Flow cytometric analysis of DC and T cell populations
Forty-eight-hour DC were washed and stained with FITC labeled anti-CD40, anti-CD86 (both from BD PharMingen, San Diego, CA), anti-CD80 (Immunotech, Marseille, France), anti-HLA-DR (Sigma-Aldrich), and control FITC negative (DAKO) and analyzed on a BD FACSCalibur, with a single argon laser, gated on the live population, and analyzed on CellQuest software (BD Biosciences). Viability of T cell populations was determined by staining with propidium iodide (Bender MedSystems, Vienna, Austria) and running the samples on the FL-2 channel. For CD154 expression analysis, fresh T cells or T cells incubated with different DC for 1 h were washed and labeled with anti-CD154 PE (BD PharMingen) and control PE negative (DAKO) and analyzed by flow cytometry on the FL-2 channel.
TCR activation
Purified allogeneic PB T cells were rested for 30 min at 37°C, then immature, LPS-treated, or Bay 11-7082-treated DC were added at a 1:2 ratio. Cells were contacted by brief centrifugation, then incubated for 5 min at 37°C. Control T cells were stimulated with anti-CD3 or no mAb (UCHT1; Biolegend, San Diego, CA) for 5 min. Cell lysates were prepared in M-PER buffer (Pierce, Rockford, IL) containing 1 mM Na3VO4 and protease inhibitor mixture (Boehringer Ingelheim, Ingelheim, Germany). ZAP70 was immunoprecipitated overnight at 4°C with anti-ZAP70 (Cell Signaling Technology, Beverly, MA) and analyzed by 15% PAGE under nonreducing conditions. Phosphorylated proteins were detected using a phosphotyrosine-specific Ab (Upstate Biotechnology, Lake Placid, NY) followed by anti-rabbit HRP-conjugated Ig and ECL.
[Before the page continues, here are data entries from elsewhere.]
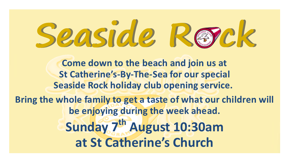 Sunday 7th August is the “Seaside Rock” Holiday Club opening service starting at the later than normal time of 10:30am. Cornwell Community Church will be joining us for this special joint service.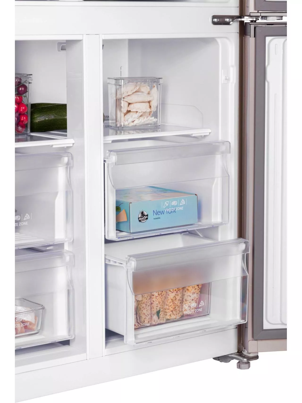 Холодильное отделение с единым пространством удобно для хранения продуктов в габаритной посуде. Расположение стеклянных полок можно отрегулировать под высоту кастрюль и контейнеров. Нижние ящики для овощей и фруктов сохранят их свежесть и привлекательный вид, не утратив полезных свойств. Левый ящик с внутренней мембраной отлично справится с длительным хранением зелени благодаря повышенному уровню влажности.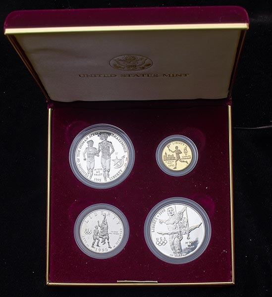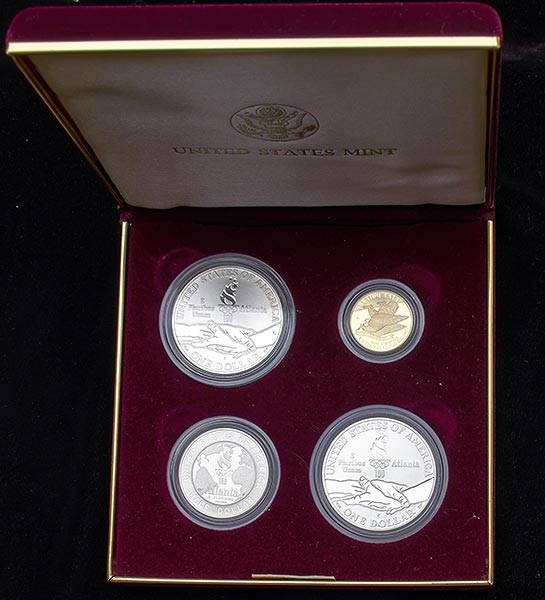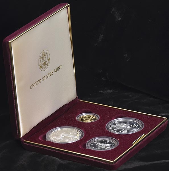 В набор вошли три серебряные и одна золотая монеты.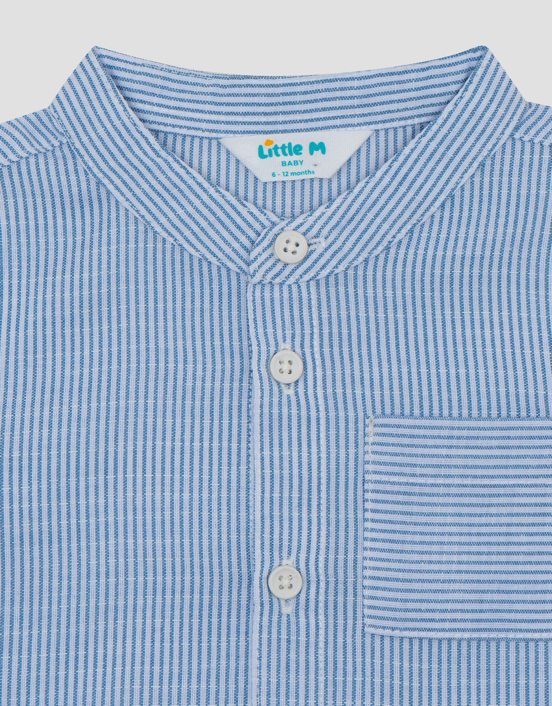 Little M Casual Yarndyed Salur Biru Kemeja Koko Bayi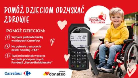 Jeśli w najbliższych tygodniach będziesz robić zakupy w sklepie sieci Carrefour Polska, pamiętaj – możesz pomóc jednym kliknięciem. Wybierz „TAK” przy płatności kartą i wesprzyj dzieci Fundacji Serca dla Maluszka.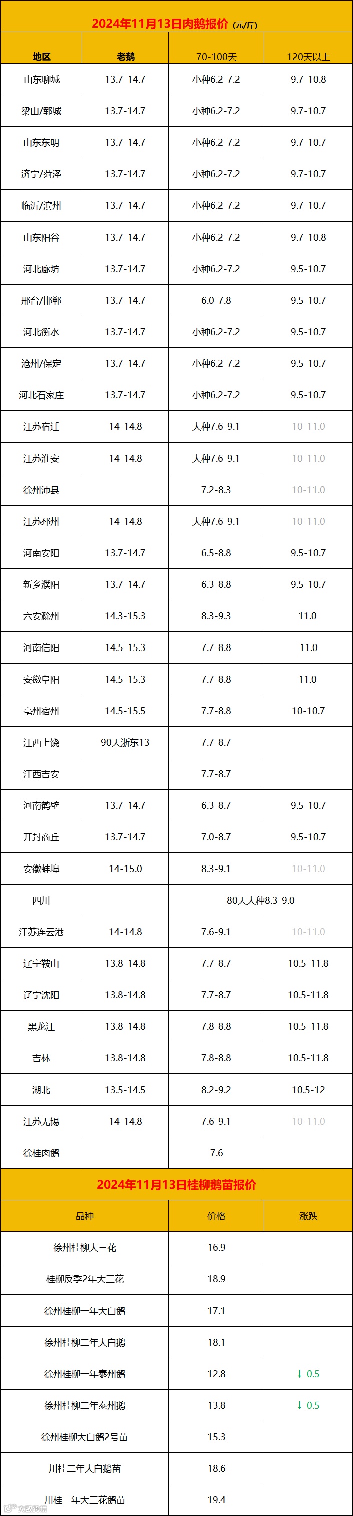 2024年11月13日鹅价快报
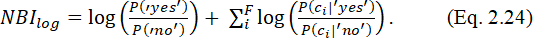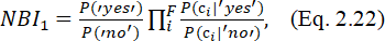 В выражении Eq. 2 величина NBI принимает значения от 0 до +∞. Если NBI < 1, то это свидетельствует в пользу отрицательной гипотезы ('no'). Если NBI > 1, то это свидетельство того, что текущее сочетание условий дает возможность положительного вывода ('yes'). Отметим, что если мы используем выражение Eq. 2, то мы должны примириться с неравновесностью такого вывода.

Proliferation and cell cycle analysis of T cell cultures
Forty-eight-hour mature, immature, and Bay-treated DC were added at varying concentrations, between 1/20 and 1/80, to 105 freshly purified allogeneic or autologous T cells. DC were washed before incubation with T cells. Cells were cultured in round-bottom 96-well microtiter plates (Techno Plastic Products, Trasadingen, Switzerland). Plates were incubated at 37°C for 5 days for primary stimulations or 3 days for secondary stimulations. T cell proliferation was measured by the uptake of [3H]thymidine (1 μCi/well, 6.7 μCi/mM; ICN Pharmaceuticals, Costa Mesa, CA) which was added for the final 18-h of the culture period for primary cultures and 12 h for secondary cultures. Cells were harvested onto glass fiber filter paper with an automated 96-well harvester (Packard Instruments, Meridien, CT), and [3H]thymidine incorporation was determined by liquid scintillation spectroscopy on a TopCount NXT (Packard Instruments). The responses are reported as the mean cpm ± SEM for triplicate wells. T cells alone or T cells previously stimulated with DC were activated using a combination of 20 ng/ml PMA and 1 μM ionomycin (both from Sigma-Aldrich) for 24 or 72 h.
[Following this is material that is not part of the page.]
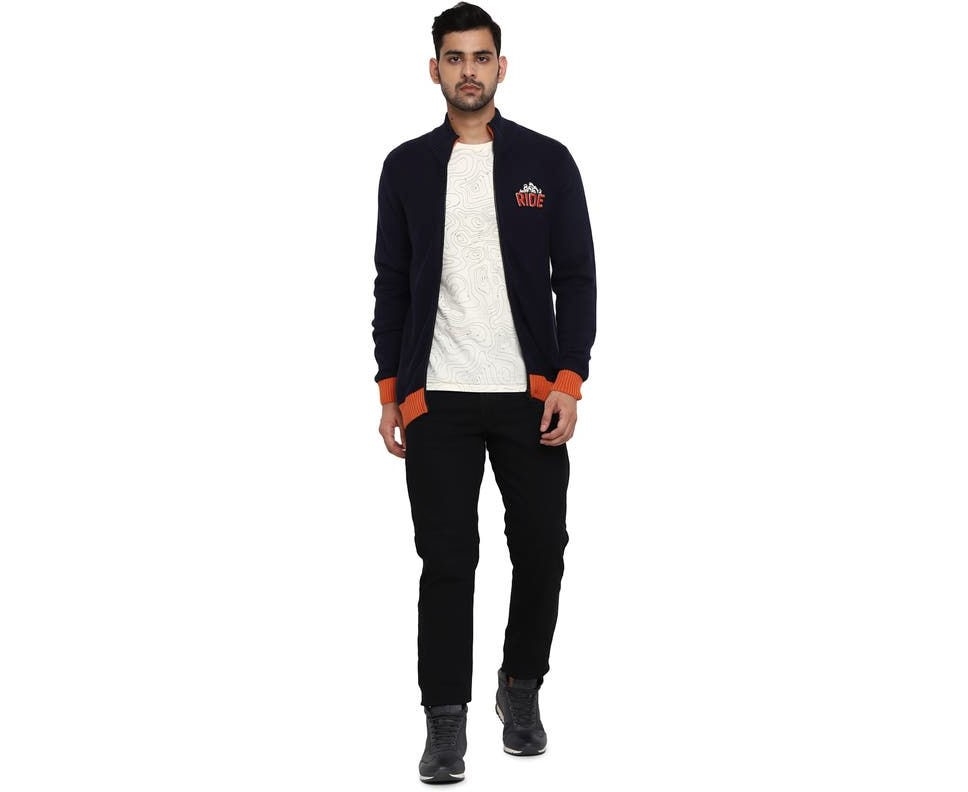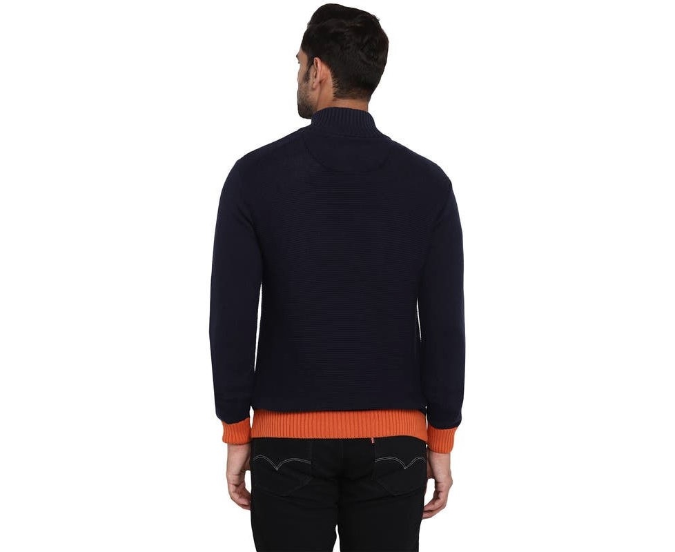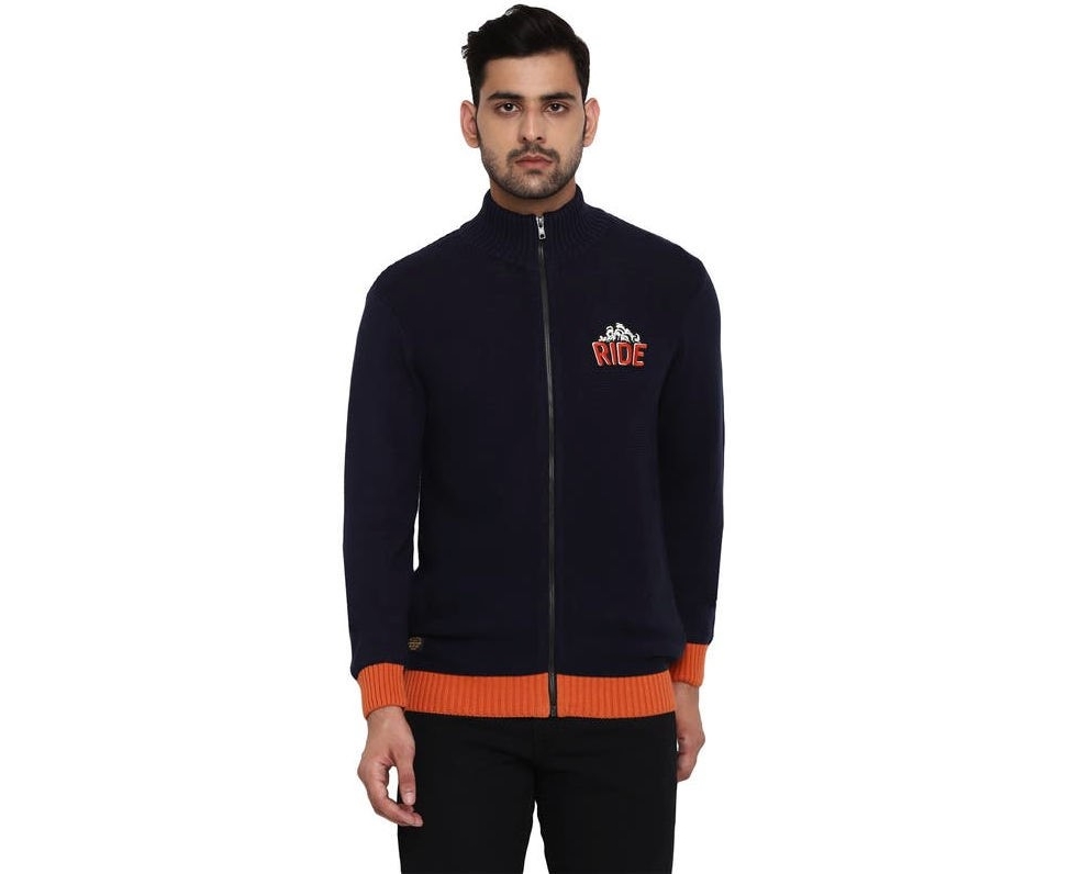 ROYAL ENFIELD High Neck Fz Sweater - Navy

For cell division analysis by CFSE, labeled T cells were stimulated by DC and after 5 days, analyzed by flow cytometry on the FL-2 channel. Modfit software (Verity Software House, Topsham, ME) was used to optimize the division generations and calculate the proportion of cells in each generation. Cell cycle analysis was performed on T cells stimulated by DC. Cells were harvested, washed in PBS, and fixed in 70% ethanol. Cells were washed again and stained with a solution of propidium iodide (4 mg/ml) and RNase A (400 mg/ml) in PBS. Cells were analyzed by flow cytometry as above, and further analyzed using Modfit software (Verity Software House) for cell cycle analysis by exclusion of debris and apoptotic cells, and determination of the proportion of cells in S-phase of the cell cycle at the time of harvest. For IL-2 experiments, recombinant human IL-2 (Sigma-Aldrich) was added to T cell proliferation assays between 1 and 100 μM.
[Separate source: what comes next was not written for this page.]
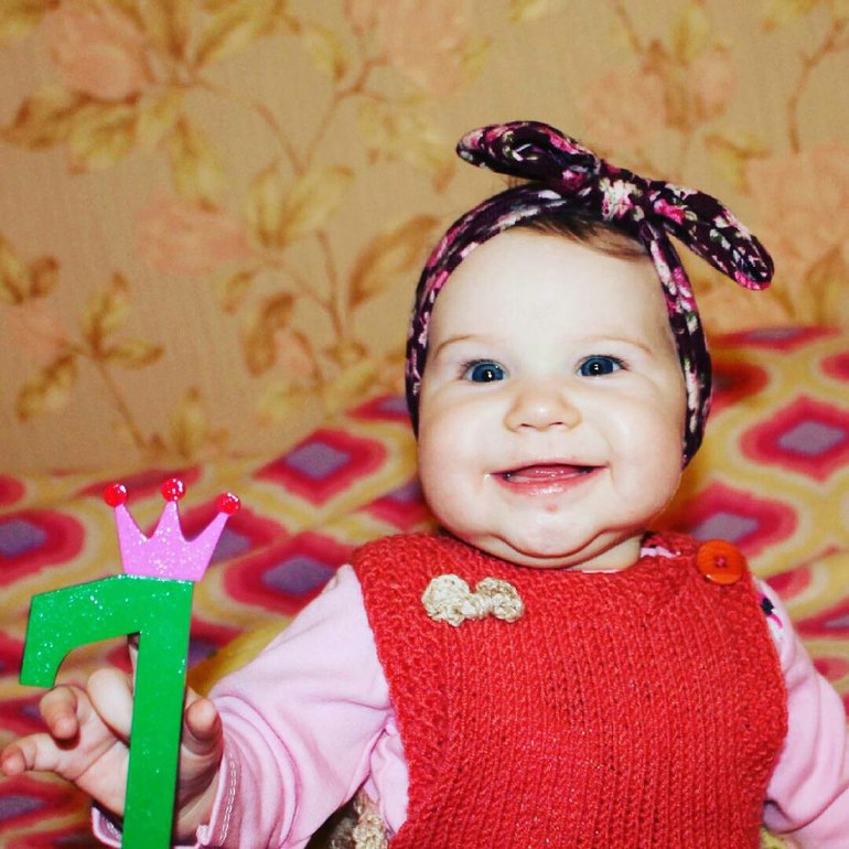 Лапочка -девочка! Поздравляю вас с 7 месяцами!!! Действительно по фото вас Как будто 9-10 месяцев! ))))) не болейте растите здоровыми)))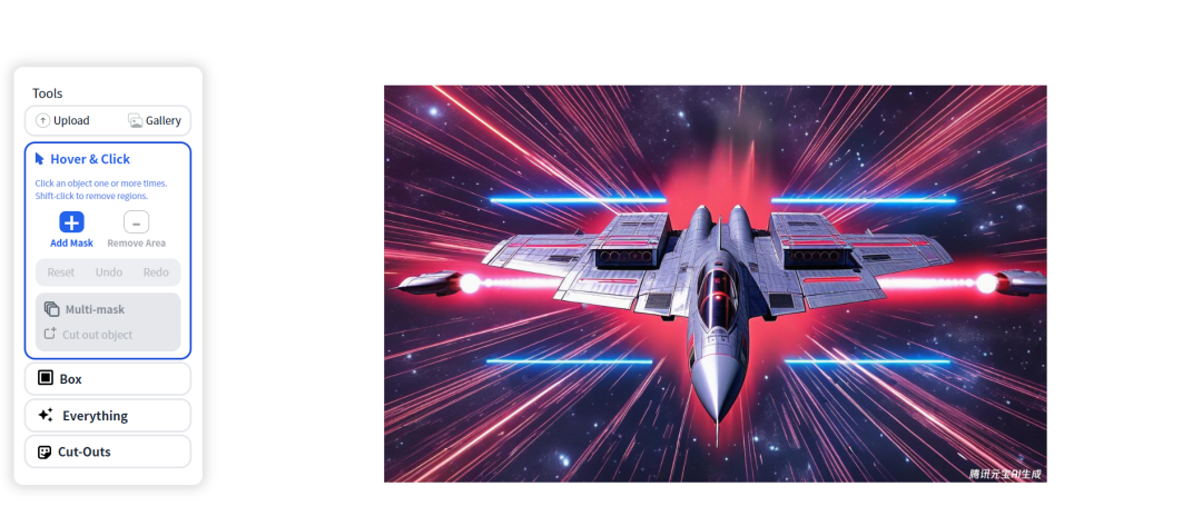 我们这里对敌方飞机与主角飞机的绘制使用的是腾讯元宝的AI绘图,在使用SAM进行抠图,作为游戏内容中的player.png图片:

Cytokine analysis of T cell populations
IFN-γ concentration was assessed in supernatants obtained from DC stimulated T cell cultures after 48 h for primary stimulations, and 24 h for secondary stimulations, IFN-γ production was assessed using the Quantiferon kit (Cellestis, Melbourne, Australia) according to the manufacturer’s instructions. The Quantiferon plate was read using a Multiskan plate reader (Labsystems) at 492 nm. Cells activated as described above were also stained for intracellular cytokines after the addition of brefeldin A 10 μg/ml for the final 24 h of activation to inhibit cellular secretion. Using a Cytoperm/Cytofix kit (BD PharMingen) cells were fixed and permeabilized according to the manufacturer’s instructions, and stained with anti-IFN-γ FITC, anti-IL-2 FITC (BD PharMingen), or control FITC negative (DAKO), and analyzed by flow cytometry on a BD FACSCalibur.
Results
DC generated from human monocytes in the presence of Bay 11-7082 lack NF-κB nuclear DNA binding and responsiveness
Nuclear translocation of RelB is required for the up-regulation of Ag presenting ability and associated up-regulation of MHC and costimulatory molecule expression by myeloid DC (8). Immature DC generated from monocytes in the presence of GM-CSF and IL-4 for 48 h, display low levels of RelB DNA binding activity, which is inducible after 18–24 h incubation with LPS, TNF-α, or soluble CD154 (8). DC generated from monocytes in the presence of GM-CSF, IL-4 without (immature DC, Table I) or with Bay 11-7082 for 48 h (Bay-treated DC) demonstrated low levels of RelA, RelB, c-Rel, and p50 DNA binding. NF-κB DNA binding did not increase in response to LPS in Bay-treated DC in keeping with the inhibition of NF-κB activity (Fig. 1,A). In contrast, mature DC, generated from monocytes in the presence of GM-CSF and IL-4 for 48 h and exposed to LPS for the final 24 h, displayed high levels of NF-κB DNA binding relative to immature or Bay-treated DC (Fig. 1 A), consistent with previous observations (8).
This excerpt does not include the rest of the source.